DATE: 2013-12-16
A building for NASA with no support beams to house the largest solar sail spacecraft of its kind. An industrial space that can handle 1,600 amps of electricity Hitachi could house and assemble the components of an ion-beam accelerator. A downtown high-rise office with beaming views of San Diego Bay for a transportation consulting firm.
What all three spaces have in common – besides beams of some kind – is the fact they were quickly researched, negotiated and represented for their tenants by Synergy Real Estate Group, Corporate Advisory LLC. San Diego-based Synergy is an international alliance of tenant-rep brokers who specialize in rapid turnaround for their clients.
John Galaxidas”We go beyond the call of duty when we look to identify a property for our clients,” said John Galaxidas, CEO/President. “We don’t just go into the commercial MLS databases and pull properties. We contact every listing broker and property owner we can to identify a suitable property. Our marketing on behalf of our clients often helps us find properties that aren’t even listed.”
“Most brokers won’t go to that extent. They typically just go down their own database.
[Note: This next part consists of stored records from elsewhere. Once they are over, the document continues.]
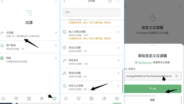设置>>过滤>>过滤器>>自定义过滤器>>添加自定义过滤器>>将URL或者本地文件导入>>导入时不显示txt,点击右上角从文件管理打开,这里再提供以下规则,上面我用的是easychina的。其他规则:
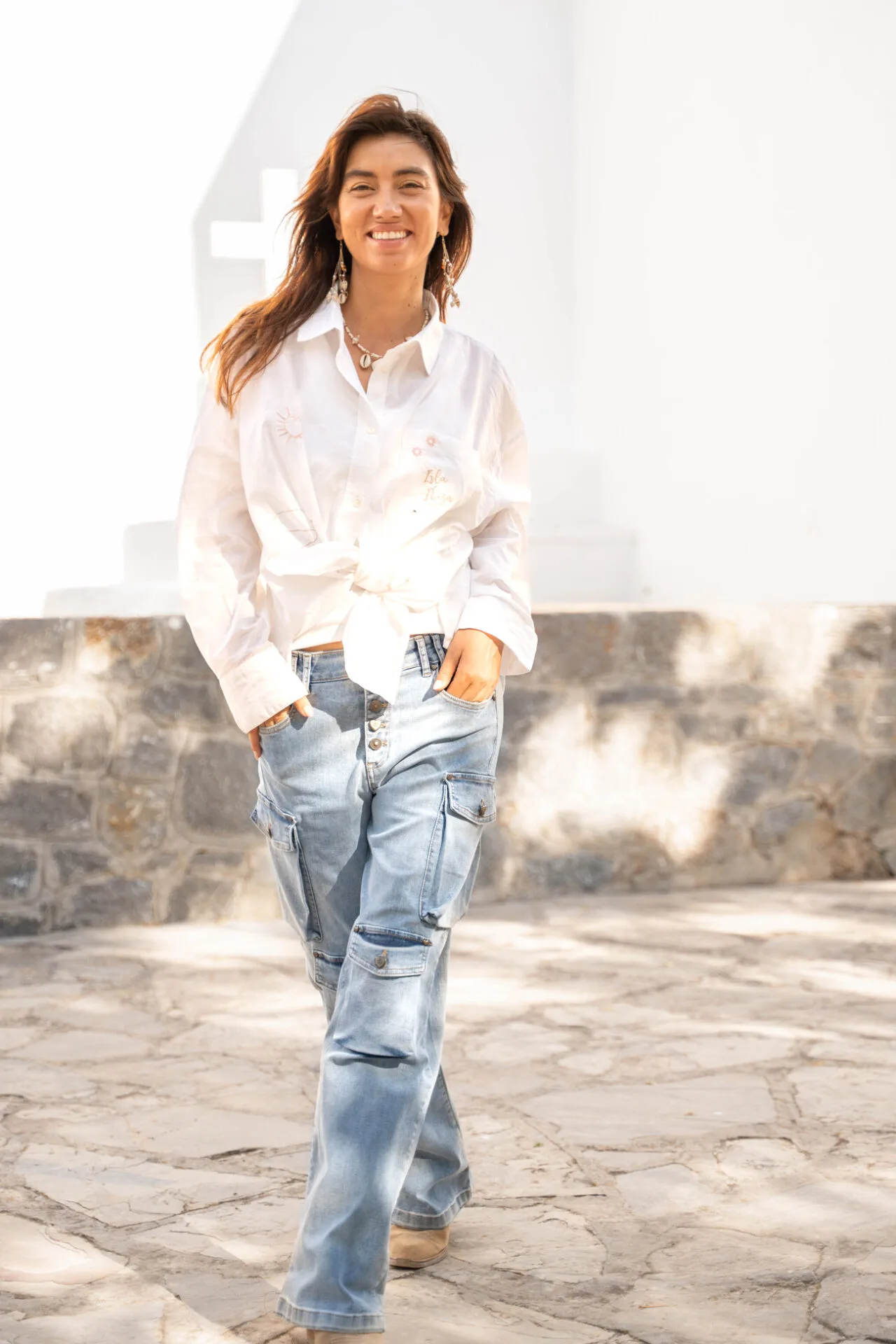 Draag haar op een flared jeans voor een elegante Ibiza look of combineer met een print rok voor een meer uitgesproken outfit. Binnen Isla Ibiza draait alles om contrast en harmonie, en deze witte geborduurde blouse dames sluit daar perfect bij aan.
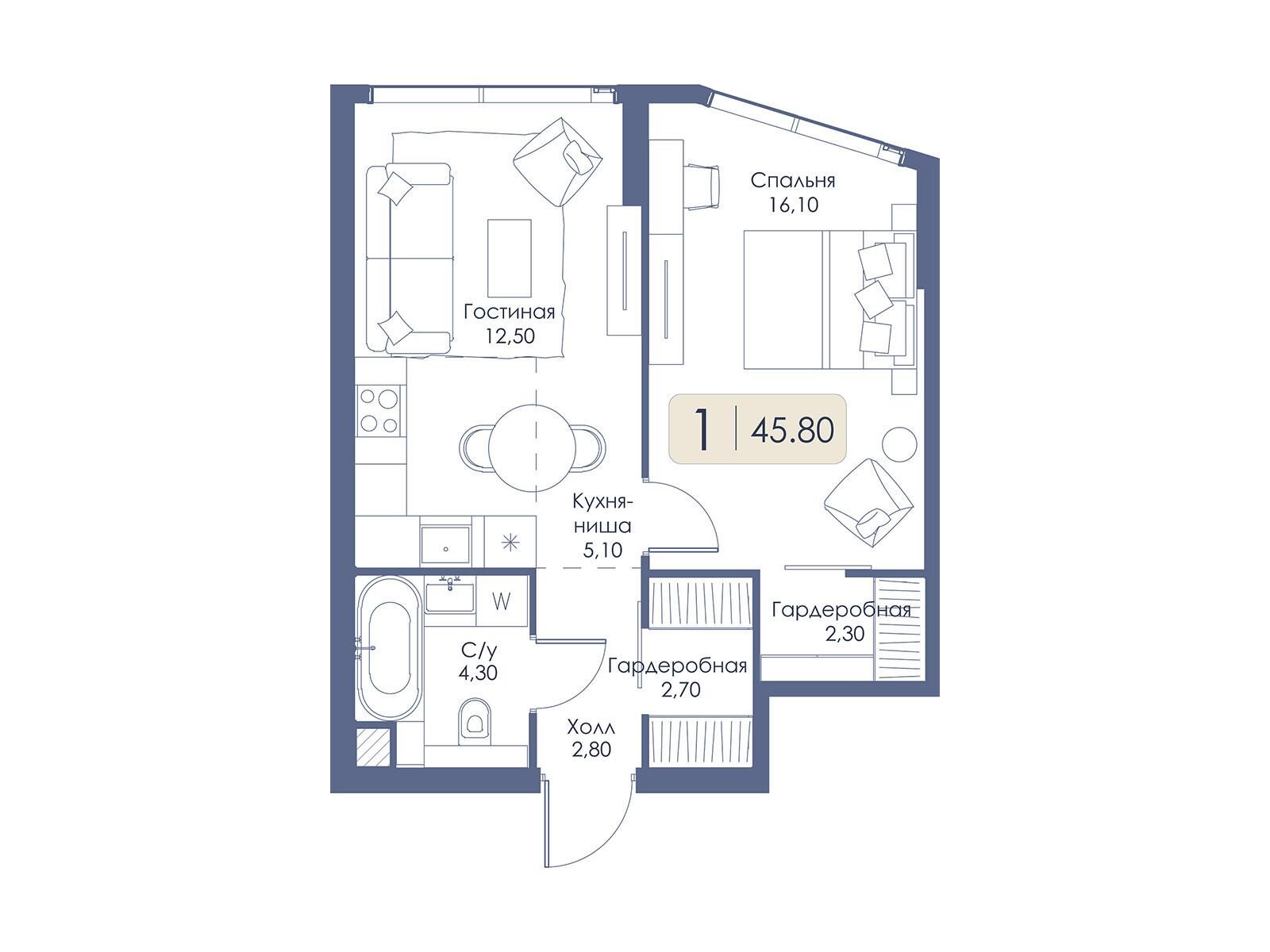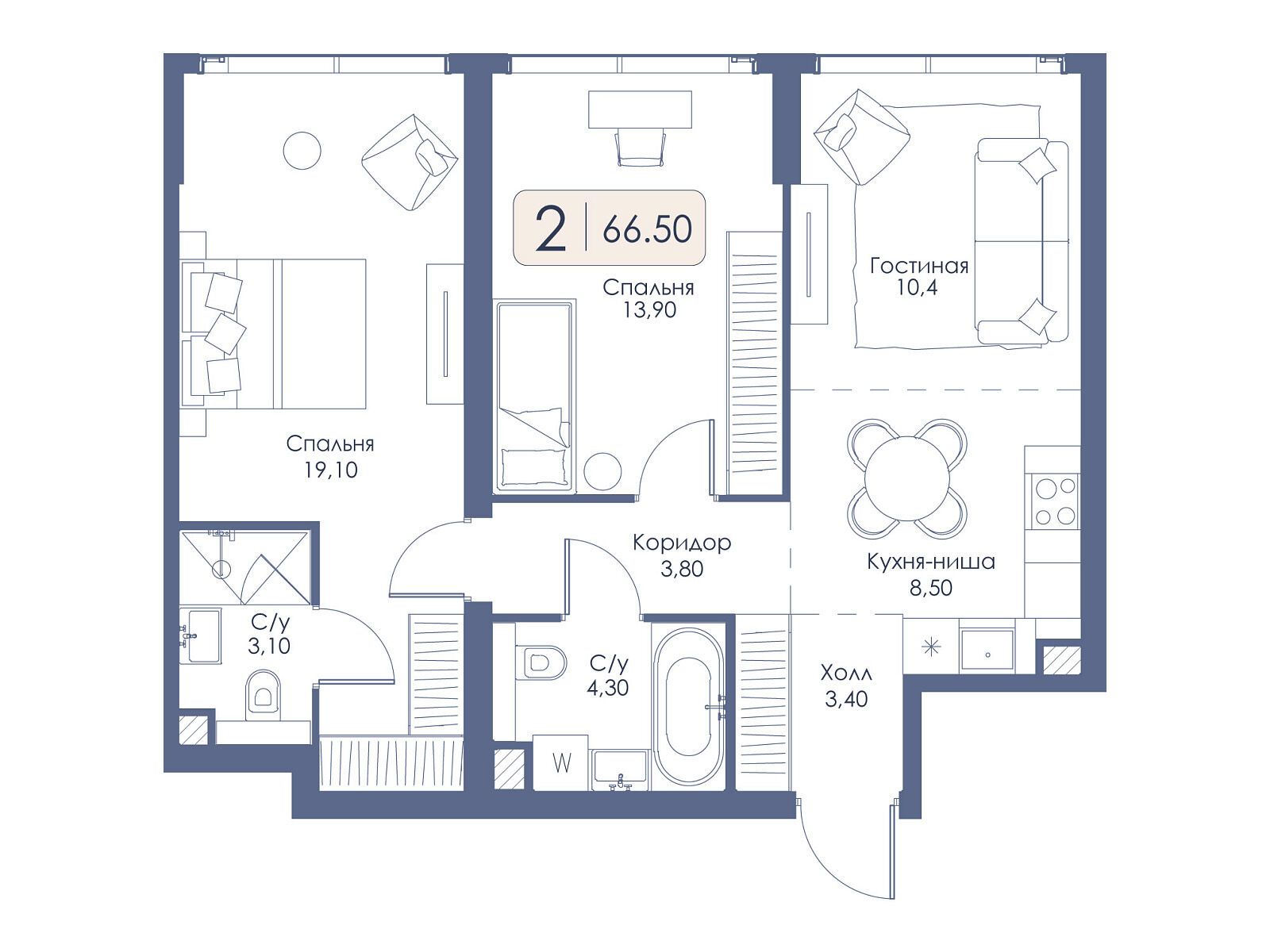 В комплексе предусмотрено 907 квартир площадью от 28,7 до 101,5 м². Представлены студии, одно-, двух- и трёхкомнатные квартиры, а также уникальные видовые форматы на последних этажах с увеличенной высотой потолков до 6,55 м. В типовых планировках высота потолков составляет 3,2 м. Среди особенностей — просторные видовые гостиные с панорамными окнами, разнесённые спальни, гардеробные и постирочные зоны; в многокомнатных квартирах предусмотрены раздельные санузлы. Есть нестандартные варианты, например однокомнатные квартиры с мастер‑спальней и гардеробной, а также лоты с угловым остеклением. Все квартиры сдаются без отделки.

We track every space in the local submarkets daily and make our clients aware of all the possibilities, because many are not marketed publicly.”
While many tenant-rep brokers have an online presence, not all of them use it as effi ciently as Synergy to connect tenants and landlords, Galaxidas said.
Galaxidas is as adept at navigating virtual real estate as he is the real thing. He is from a Sacramento family that specializes in developing farmland into residential housing. He attended the University of the Pacific, U.C. Berkeley and Stanford, graduating as a business major with a focus on finance and real estate.
He next worked for then-Gov. Pete Wilson’s constituent affairs office, summarizing and reviewing pending bills and other legislation, and fielding constituents’ phone calls. Wilson later appointed him assistant deputy director at the Department of General Services, Real Estate Services Division, based in part on his experience with the family business. He served throughout Wilson’s two terms, focusing on converting leases on state-owned properties into private ownership. One example is the former Agnews State Hospital in San Jose, now the Sun Microsystems/Agnews Developmental Center. In 1997, Galaxidas negotiated the sale of 8.25 acres of the approximately 90-acre site to Sun as its national headquarters.
Galaxidas struck out on his own in 2004, founding Synergy in Sacramento from scratch as a tenant-rep broker. His experience quickly paid off, landing clients throughout the state and affiliations with other brokers around the nation. The firm now has California offices with its own staff in San Francisco, San Jose, Los Angeles, Rancho Cucamonga and Irvine. In 2009, Galaxidas moved the company’s headquarters and his family from Sacramento to San Diego, where Synergy has about 250 of its 1,000-plus clients, who include Dell, DHL, HP, Sony and Cisco Systems.
What sets Synergy apart from other brokers? Galaxidas cites several factors:
“We only work for tenants, never landlords. Because we are 100 percent tenant-focused, we can do what no other tenant representative firm does: inventory the market on a daily basis; contact every property owner/listing broker on your behalf to uncover ‘off -market’ lease opportunities; and when it’s time to negotiate the transaction, we draft and send out proposals on your behalf, leveraging one landlord against the other to secure the best lease terms and rate on the space.
“There are so many more aspects of a lease negotiation other than just the economic terms. That is why having a tenant representative on your side is so valuable. There is no savings to you for not having someone on your side. In fact, not having professional representation will typically cost you money in the long run, whether in economics or in lack of lease options, terms and flexibility that we would have negotiated for you.”